Find the line with "The elevated deck" and the line with "The Centre for" in the entries below; output exactly those two lines, every line between them, and no others.

Data excerpts.

+++++

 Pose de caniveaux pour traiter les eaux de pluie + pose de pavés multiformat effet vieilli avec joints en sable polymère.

+++++

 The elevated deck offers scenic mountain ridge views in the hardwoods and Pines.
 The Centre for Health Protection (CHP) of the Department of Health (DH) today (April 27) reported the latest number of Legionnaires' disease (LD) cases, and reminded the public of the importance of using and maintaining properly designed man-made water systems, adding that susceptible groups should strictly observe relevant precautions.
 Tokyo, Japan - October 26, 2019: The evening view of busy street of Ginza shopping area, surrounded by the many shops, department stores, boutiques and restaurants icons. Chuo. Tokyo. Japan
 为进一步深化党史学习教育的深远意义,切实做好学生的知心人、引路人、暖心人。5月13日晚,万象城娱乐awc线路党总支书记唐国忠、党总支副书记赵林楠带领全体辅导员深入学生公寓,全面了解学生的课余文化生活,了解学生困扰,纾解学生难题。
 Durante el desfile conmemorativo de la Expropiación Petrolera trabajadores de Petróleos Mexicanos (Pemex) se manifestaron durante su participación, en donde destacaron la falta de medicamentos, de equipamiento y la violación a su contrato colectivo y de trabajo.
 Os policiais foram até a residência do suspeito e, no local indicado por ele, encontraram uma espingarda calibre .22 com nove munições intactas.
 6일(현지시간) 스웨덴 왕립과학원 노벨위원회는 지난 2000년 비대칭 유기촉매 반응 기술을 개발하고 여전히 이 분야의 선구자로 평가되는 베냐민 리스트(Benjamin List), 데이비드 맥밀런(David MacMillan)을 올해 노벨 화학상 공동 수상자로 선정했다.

+++++

Task response.
 The elevated deck offers scenic mountain ridge views in the hardwoods and Pines.
 The Centre for Health Protection (CHP) of the Department of Health (DH) today (April 27) reported the latest number of Legionnaires' disease (LD) cases, and reminded the public of the importance of using and maintaining properly designed man-made water systems, adding that susceptible groups should strictly observe relevant precautions.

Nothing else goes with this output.